# BeeSource on iPhone/iPod Touch



## NorthALABeeKeep (Nov 10, 2004)

I noticed B&B beside Beesource. Are you the person who posted this website about 3 or 4 months ago? If so thanks, I have really enjoyed that website and wet shaving as a whole. I don't think I could ever go back to cartridge shaving.


----------



## Beaches' Bee-Haven Apiary (May 22, 2007)

NorthALABeeKeep said:


> I noticed B&B beside Beesource. Are you the person who posted this website about 3 or 4 months ago? If so thanks, I have really enjoyed that website and wet shaving as a whole. I don't think I could ever go back to cartridge shaving.


Yeah, I think I did post B&B on here a while back, Its been a while since I've had time to post. It's been fun surfing B&B, I went to wet shaving from an electric razor and in a pinch I shaved with that electric a while back (after using my DE for quite a while), afterwards my face just felt incomplete and awfull, quite frankly!

-Nathanael


----------



## Nate (Dec 16, 2007)

*sweet*

straightrazorplace is a good site also, it got me into straights. Glad to see some other fellows here that shave that way.


----------



## magnet-man (Jul 10, 2004)

What is B&B????


----------



## magnet-man (Jul 10, 2004)

I found it! Badger & Blades! Good gracius there is even a forum about shaving. and I thought I was strange.

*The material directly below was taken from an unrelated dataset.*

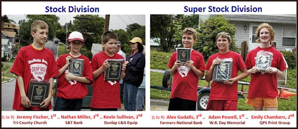 Flashback to July of 2009 >> The DuBois area is celebrating its first All-American Soap Box Derby Champions in over a half century. They are ADAM POWELL and JEREMY FISCHER, the first-place finishers in each of the two race divisions which competed on the West Long Avenue downhill track this past Saturday. Adam and Jeremy will now compete in the International Championships at Derby Downs in Akron, OH, next month on Saturday, July 25, 2009. Good Luck!!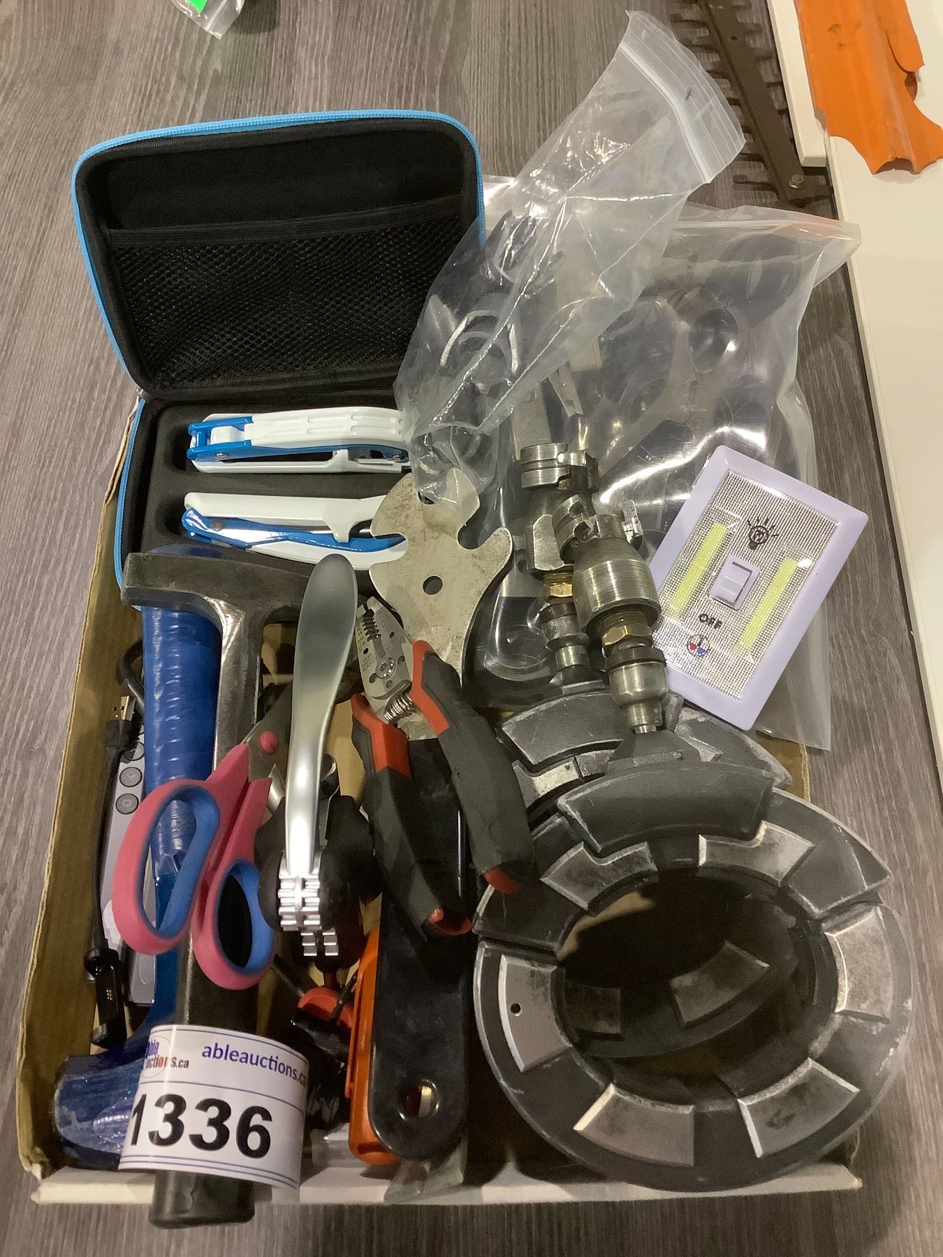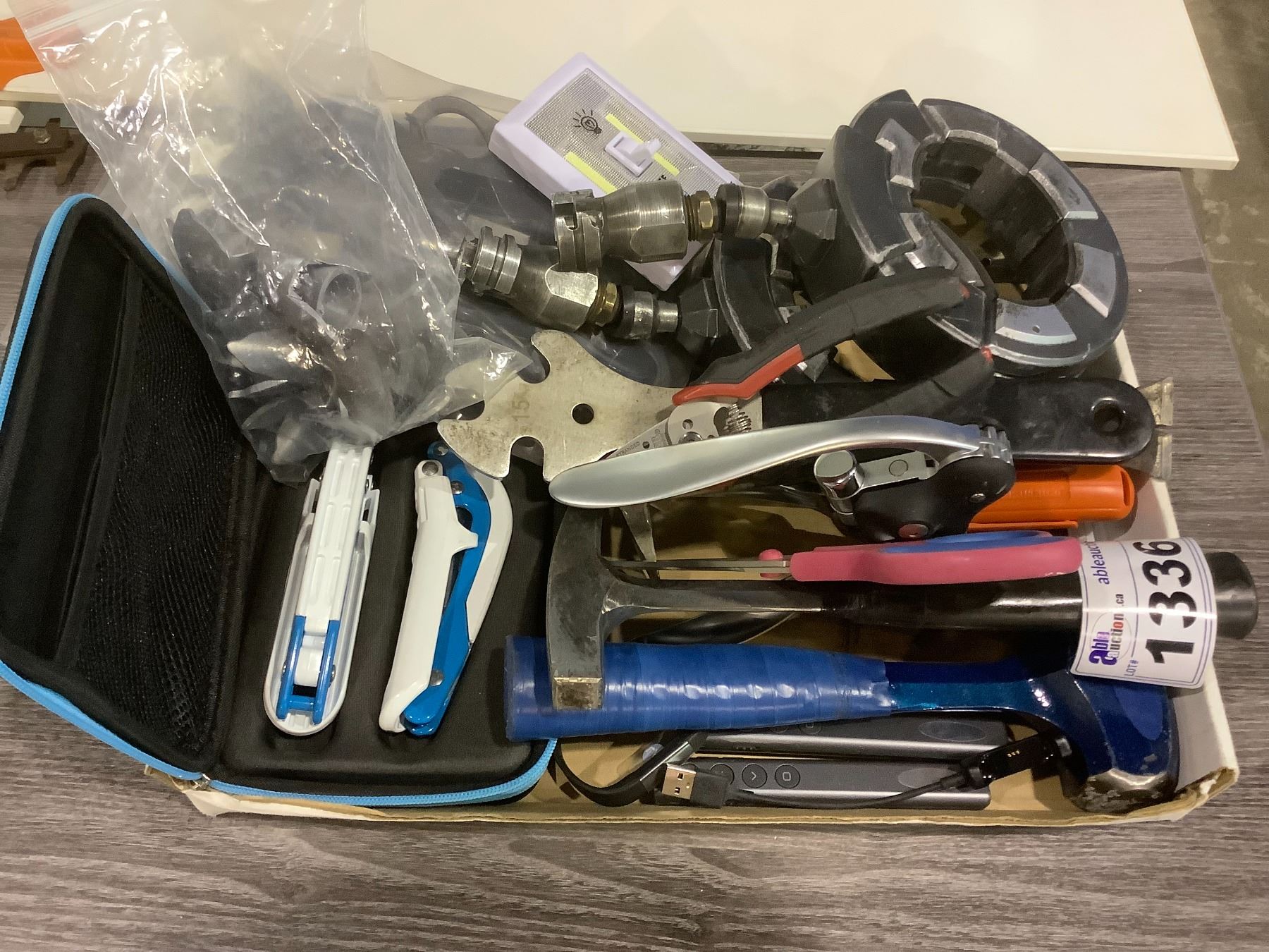 TRAY OF ASSORTED SET DEC PROP ITEMS, TOOLS, POINTERS/CLICKERS, & MORE

http://wiki.badgerandblade.com/index.php/List_of_B&B_Shaving_Products


----------



## Ben Brewcat (Oct 27, 2004)

If I could give up the face fur I think it'd be with a real razor.


----------



## berkshire bee (Jan 28, 2007)

the only phobia I can think of that I have is fear of shaving with a razor. I can only use electric and even that gives me the creeps on my neck sometimes. If there is such a thing as past lives, I must have had my throat cut in one of them. Is there a name for fear of shaving?


----------



## Oldbee (Sep 25, 2006)

"Is there a word for fear of shaving".-berkshire bee.

There must be one somewhere, lol., there's one for just about everything else. You could 'make one up' or look up the Latin for razors or shaving [RAZ,.RAS {rasp}] and put one together.

For those that don't have 'VERBOPHOBIA' [fear of words], I found 'XYROPBOBIA', or fear of razors. I can see how that can develop when growing up and you ever have to use a razor sometime.

Here's a 'made up' one: 'Apiocustophobia' ---fear of beekeepers.


----------



## sc-bee (May 10, 2005)

Nathan when did you start shaving.


----------



## Hobie (Jun 1, 2006)

"Badger & Blades"?? Geez, and I was trying to figure out what the University of Wisconsin had to do with Bed & Breakfasts.


----------



## Beaches' Bee-Haven Apiary (May 22, 2007)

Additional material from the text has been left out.